▸ **Exercise data**
======

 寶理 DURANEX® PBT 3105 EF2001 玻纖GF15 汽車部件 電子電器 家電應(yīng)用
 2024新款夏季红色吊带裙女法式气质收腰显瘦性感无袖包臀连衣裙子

======

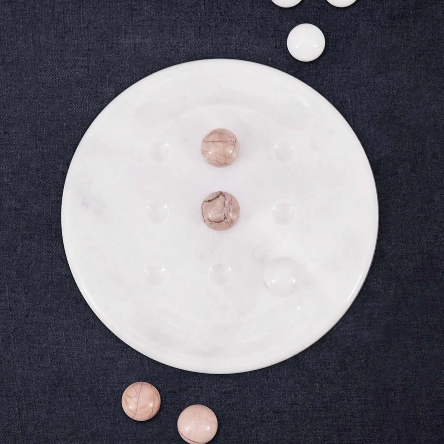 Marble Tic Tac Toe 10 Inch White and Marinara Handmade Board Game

======

▸ **Action item**
Among the records above, extract exactly the lines from the line with "寶理 DURANEX® PBT" to the line with "2024新款夏季红色吊带裙女法式气质收腰显瘦性感无袖包臀连衣裙子", both lines included, and leave out the rest.

▸ **Response area**
 寶理 DURANEX® PBT 3105 EF2001 玻纖GF15 汽車部件 電子電器 家電應(yīng)用
 2024新款夏季红色吊带裙女法式气质收腰显瘦性感无袖包臀连衣裙子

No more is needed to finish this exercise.